# Material supplied:

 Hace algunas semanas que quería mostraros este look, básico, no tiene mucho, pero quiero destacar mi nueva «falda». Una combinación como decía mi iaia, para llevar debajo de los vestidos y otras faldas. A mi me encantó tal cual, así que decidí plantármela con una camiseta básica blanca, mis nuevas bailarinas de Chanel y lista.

* * *

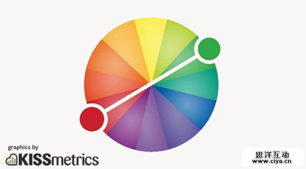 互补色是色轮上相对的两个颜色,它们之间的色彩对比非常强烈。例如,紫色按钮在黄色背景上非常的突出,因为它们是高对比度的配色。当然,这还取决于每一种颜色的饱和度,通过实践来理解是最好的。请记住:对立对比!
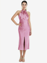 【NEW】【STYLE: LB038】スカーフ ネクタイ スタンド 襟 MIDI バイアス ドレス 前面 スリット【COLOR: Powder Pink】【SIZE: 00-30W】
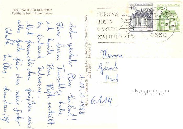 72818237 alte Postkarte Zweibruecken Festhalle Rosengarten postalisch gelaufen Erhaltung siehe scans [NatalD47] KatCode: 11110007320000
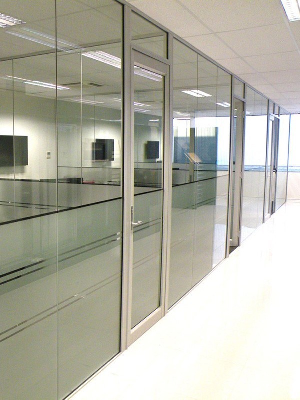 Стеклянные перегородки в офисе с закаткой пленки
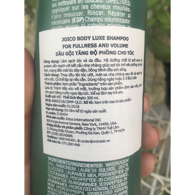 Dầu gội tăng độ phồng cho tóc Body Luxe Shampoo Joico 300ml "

# Your objective:
Look above for the line containing "72818237 alte Postkarte", then copy exactly from it through the line containing "Dầu gội tăng", keeping both and leaving out pictures. Add nothing else.

# Finished task:
 72818237 alte Postkarte Zweibruecken Festhalle Rosengarten postalisch gelaufen Erhaltung siehe scans [NatalD47] KatCode: 11110007320000
 Стеклянные перегородки в офисе с закаткой пленки
 Dầu gội tăng độ phồng cho tóc Body Luxe Shampoo Joico 300ml "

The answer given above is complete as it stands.